Lan Jinyao duduk di meja dan menyantap sarapannya tanpa ekspresi. Ia berusaha menekan kegelisahan batinnya karena tidak ingin merasakan emosi negatif dan menyakiti bayinya sebagai akibatnya.
Setelah selesai sarapan, Lan Jinyao keluar. Dia memutuskan untuk pergi sendiri dan berjalan-jalan. Saat suasana hatinya membaik, dia akan mencoba mengobrol dengan Fu Bainian. Mungkin kejadian semalam hanyalah kesalahpahaman. Dia tidak ingin bersedih karena sesuatu yang mungkin hanya kesalahpahaman.
Fu Changning kebetulan sedang berlibur dan menelepon Lan Jinyao. Begitu membuka mulutnya, ia langsung berkata dengan manis, “Kakak ipar!” Mendengar itu, Lan Jinyao merasakan kehangatan di hatinya.
“Kakak ipar, Ibu tidak perlu bekerja beberapa hari ke depan, dan kebetulan saya sedang senggang. Izinkan saya menemani Ibu jalan-jalan. Pekerjaan Ibu sangat melelahkan, jadi izinkan saya membantu Ibu sedikit bersantai, oke?”
Lan Jinyao baru saja pulang untuk beristirahat, dan kebetulan, Fu Changning juga sedang cuti tahunan. Mengetahui bahwa Lan Jinyao sudah kembali, Changning ingin menemaninya.
Bagaimana mungkin ada begitu banyak kebetulan di dunia ini? Qian Ran pasti mengatakan sesuatu kepada Fu Bainian, dan kemudian Fu Bainian menelepon Fu Changning hari ini.
“Karena kamu sedang senggang, datanglah ke sini dan temani aku!
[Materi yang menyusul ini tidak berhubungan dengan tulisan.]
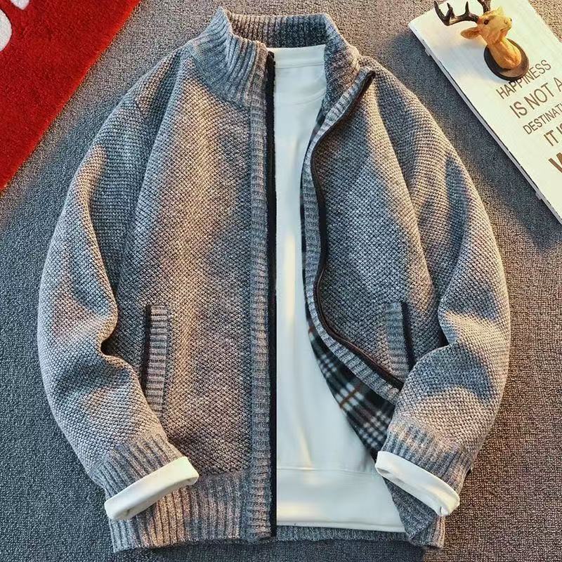 毛衣男拉链潮流休闲上衣外套秋季男装针织开衫男冬季加绒保暖立领
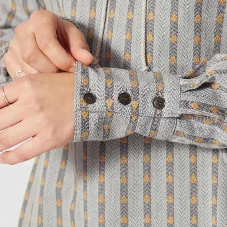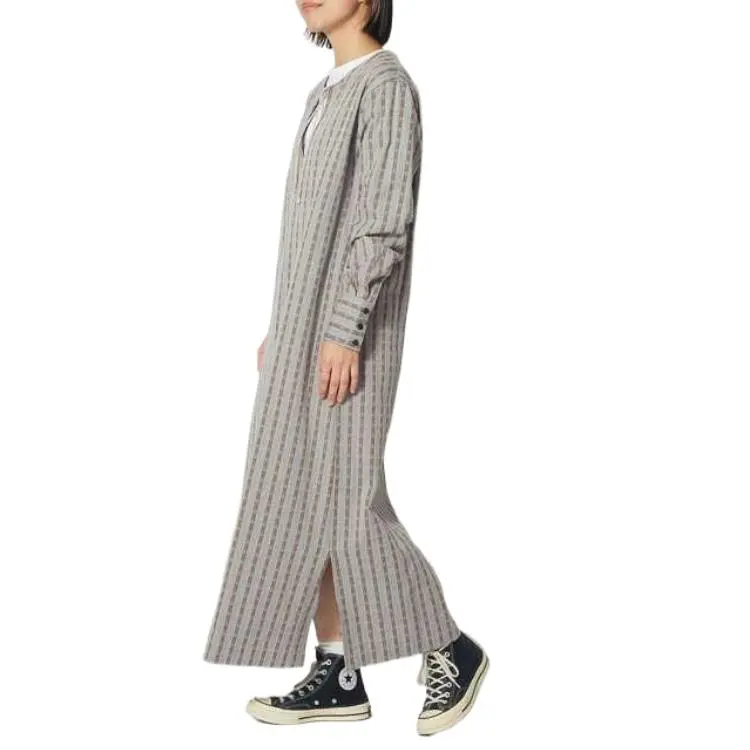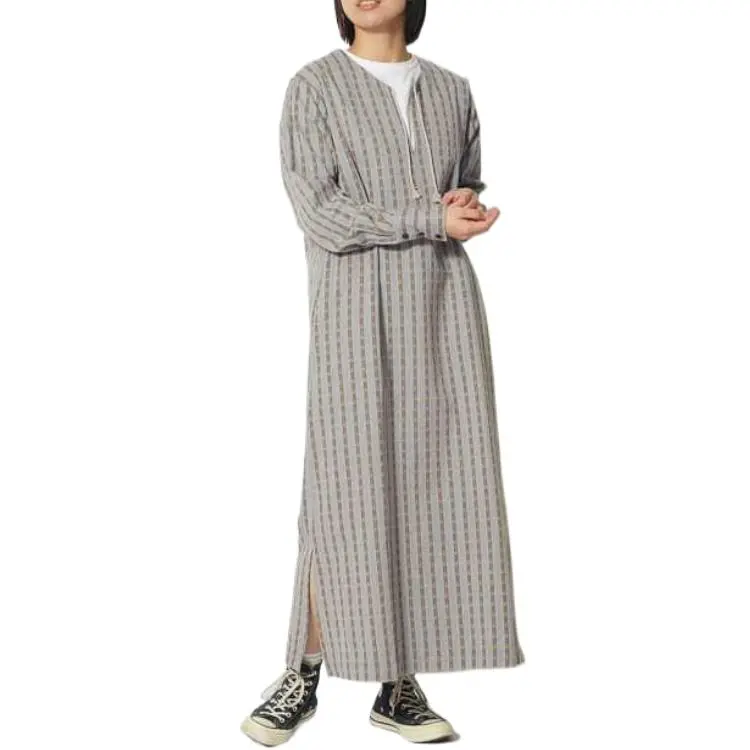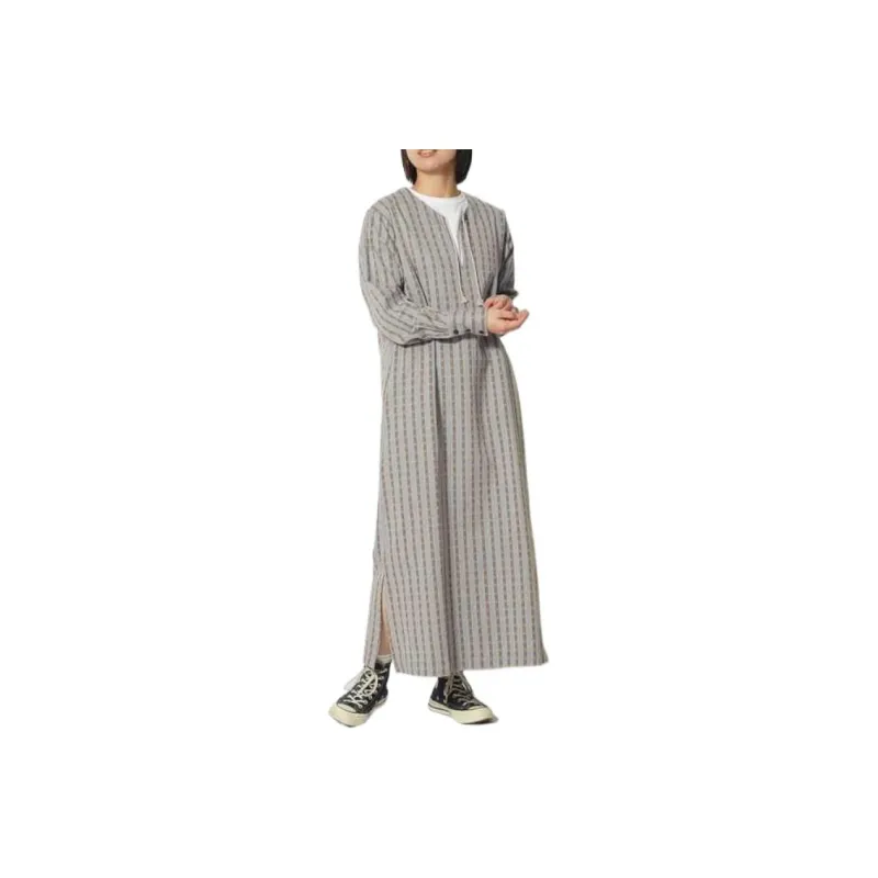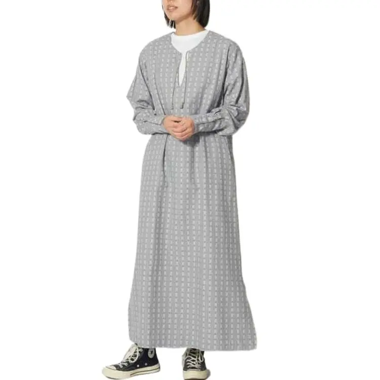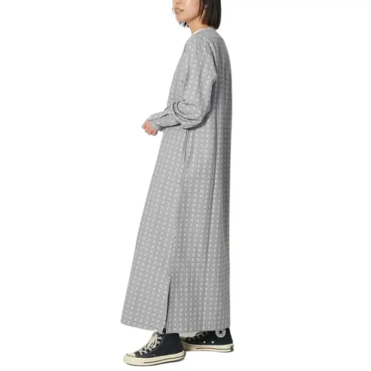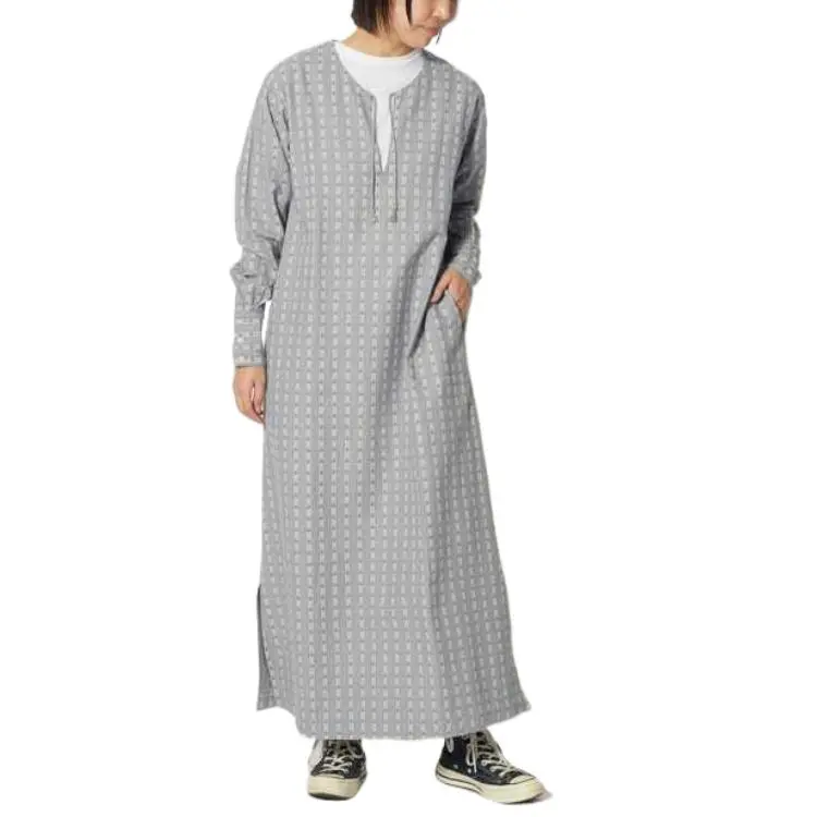 SNOW PEAK 23 Хлопок Dobby Узор "Елочка" Платье Длинное с Рукавами Платье Женское

Kebetulan aku tidak ada kegiatan akhir-akhir ini, dan aku khawatir tidak akan menemukan siapa pun untuk pergi berbelanja denganku.”
Dia langsung setuju dan membuat janji untuk bertemu di sebuah pusat perbelanjaan.
Lan Jinyao, yang sedang menyamar, melihat Fu Changning di pintu masuk mal. Fu Changning yang energik melambaikan tangan kepadanya dengan senyum cerah di wajahnya.
“Kakak ipar, kemari!”
“Apakah kamu datang lebih awal?!”
“Tidak, saya juga baru saja tiba.”
Keduanya berjalan bergandengan tangan, dan Lan Jinyao berpikir: Situasinya saat ini tidak terlalu buruk. Setidaknya dia masih bisa tersenyum.
Namun, tak lama kemudian, dia akan menyadari bahwa meskipun itu senyum palsu, dia tidak akan mampu memaksakannya.